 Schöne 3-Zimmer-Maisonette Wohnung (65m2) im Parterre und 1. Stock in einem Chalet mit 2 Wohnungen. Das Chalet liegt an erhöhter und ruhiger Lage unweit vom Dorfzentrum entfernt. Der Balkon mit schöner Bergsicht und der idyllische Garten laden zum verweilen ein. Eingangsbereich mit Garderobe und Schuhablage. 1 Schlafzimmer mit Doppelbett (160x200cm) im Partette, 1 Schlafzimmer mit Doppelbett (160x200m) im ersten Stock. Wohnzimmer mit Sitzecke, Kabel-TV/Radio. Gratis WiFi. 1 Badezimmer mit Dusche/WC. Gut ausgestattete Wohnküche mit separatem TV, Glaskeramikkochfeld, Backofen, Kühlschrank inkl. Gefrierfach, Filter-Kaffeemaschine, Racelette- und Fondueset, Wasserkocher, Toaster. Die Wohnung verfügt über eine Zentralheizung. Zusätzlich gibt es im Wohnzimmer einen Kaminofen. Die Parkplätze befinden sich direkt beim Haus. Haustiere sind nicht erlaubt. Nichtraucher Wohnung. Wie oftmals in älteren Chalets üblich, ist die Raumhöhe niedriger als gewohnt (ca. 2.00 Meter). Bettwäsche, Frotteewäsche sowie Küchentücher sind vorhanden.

...

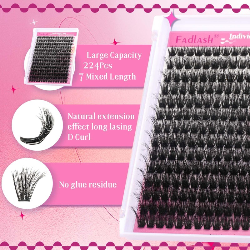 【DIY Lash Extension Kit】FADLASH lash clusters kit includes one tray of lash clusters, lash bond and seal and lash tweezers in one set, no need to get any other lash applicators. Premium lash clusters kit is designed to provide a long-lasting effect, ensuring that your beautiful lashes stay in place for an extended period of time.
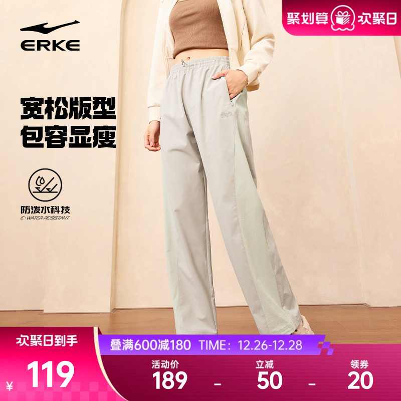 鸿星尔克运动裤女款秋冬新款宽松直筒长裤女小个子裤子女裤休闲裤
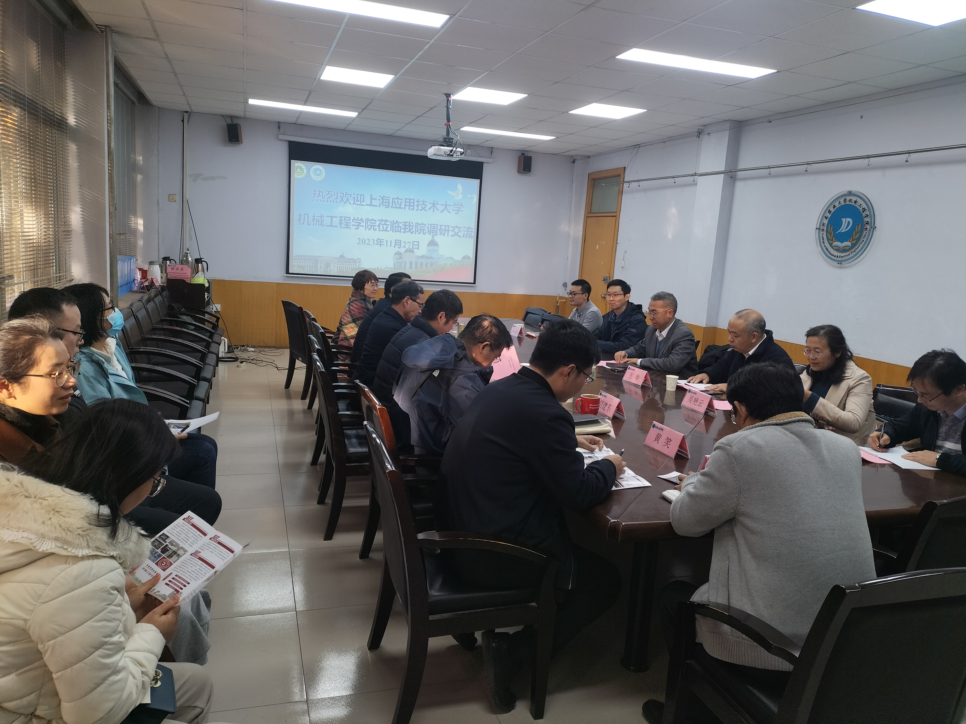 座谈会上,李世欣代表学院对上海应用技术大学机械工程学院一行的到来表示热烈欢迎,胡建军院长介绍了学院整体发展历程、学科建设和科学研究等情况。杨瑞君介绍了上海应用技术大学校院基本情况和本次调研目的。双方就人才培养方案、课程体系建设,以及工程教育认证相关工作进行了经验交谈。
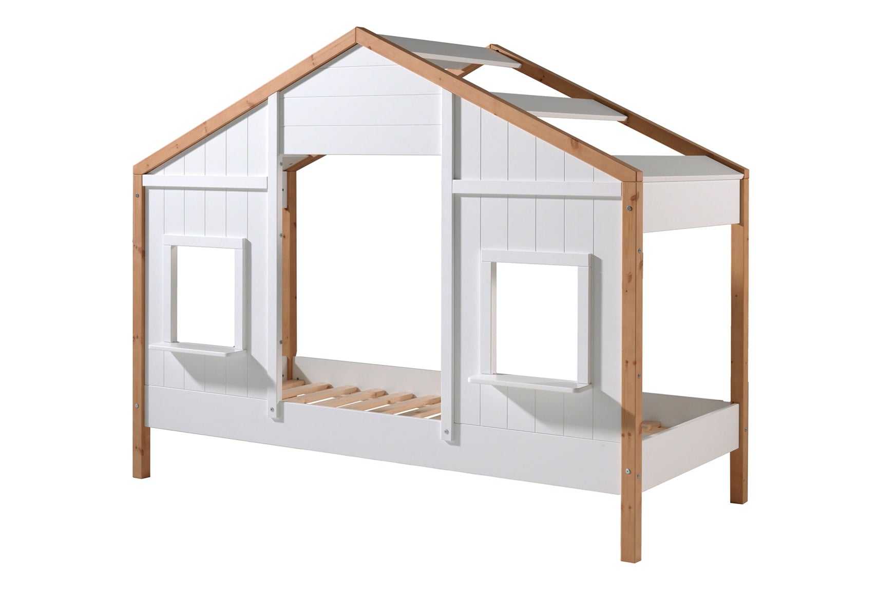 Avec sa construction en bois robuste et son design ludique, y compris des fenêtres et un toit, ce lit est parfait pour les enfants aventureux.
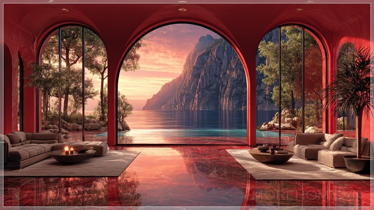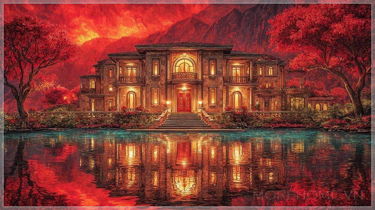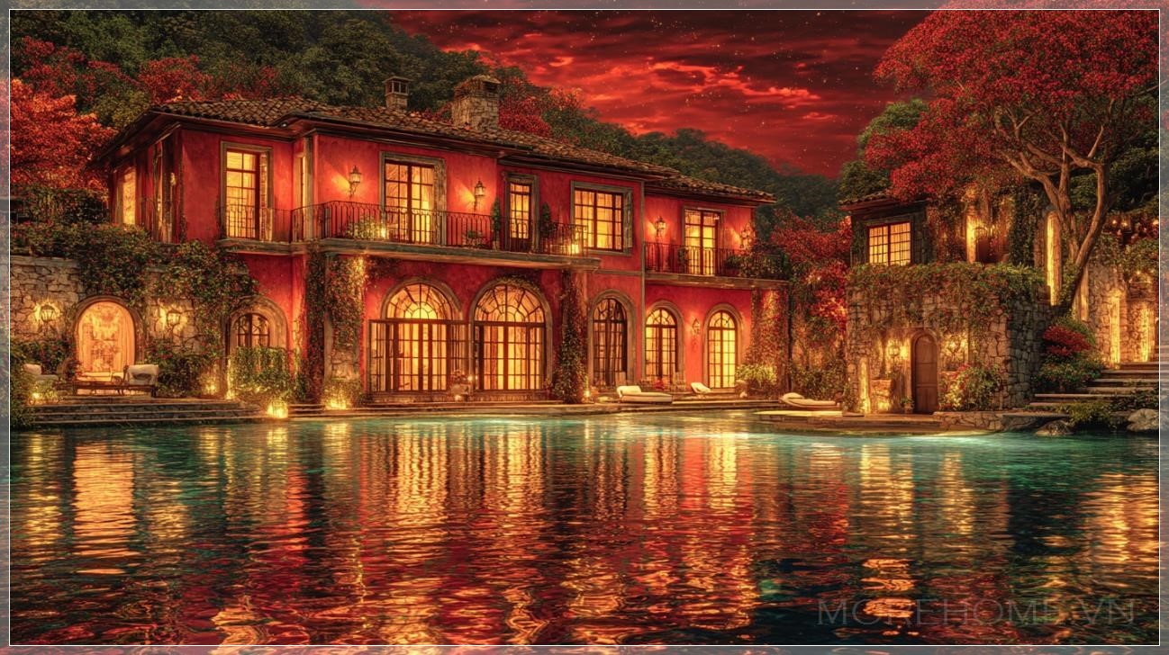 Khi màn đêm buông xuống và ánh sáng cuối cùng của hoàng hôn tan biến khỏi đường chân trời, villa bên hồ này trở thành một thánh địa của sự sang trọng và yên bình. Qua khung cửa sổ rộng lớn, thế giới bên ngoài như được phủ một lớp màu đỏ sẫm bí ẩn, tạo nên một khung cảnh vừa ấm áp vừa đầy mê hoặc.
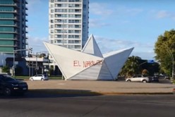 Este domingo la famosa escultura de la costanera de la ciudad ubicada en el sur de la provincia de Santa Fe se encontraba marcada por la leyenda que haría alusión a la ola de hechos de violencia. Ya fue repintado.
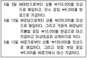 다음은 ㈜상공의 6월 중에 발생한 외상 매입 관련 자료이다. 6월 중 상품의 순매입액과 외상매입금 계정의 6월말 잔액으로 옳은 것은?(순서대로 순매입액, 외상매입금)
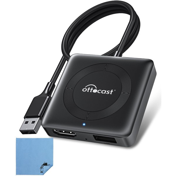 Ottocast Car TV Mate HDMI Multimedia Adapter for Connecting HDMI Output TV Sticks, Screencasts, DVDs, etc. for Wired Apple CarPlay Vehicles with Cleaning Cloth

### Required work
Set down exactly the lines above, from the line containing "Este domingo la" through the line containing "Ottocast Car TV". Skip the pictures.

### Answer to this task
 Este domingo la famosa escultura de la costanera de la ciudad ubicada en el sur de la provincia de Santa Fe se encontraba marcada por la leyenda que haría alusión a la ola de hechos de violencia. Ya fue repintado.
 다음은 ㈜상공의 6월 중에 발생한 외상 매입 관련 자료이다. 6월 중 상품의 순매입액과 외상매입금 계정의 6월말 잔액으로 옳은 것은?(순서대로 순매입액, 외상매입금)
 Ottocast Car TV Mate HDMI Multimedia Adapter for Connecting HDMI Output TV Sticks, Screencasts, DVDs, etc. for Wired Apple CarPlay Vehicles with Cleaning Cloth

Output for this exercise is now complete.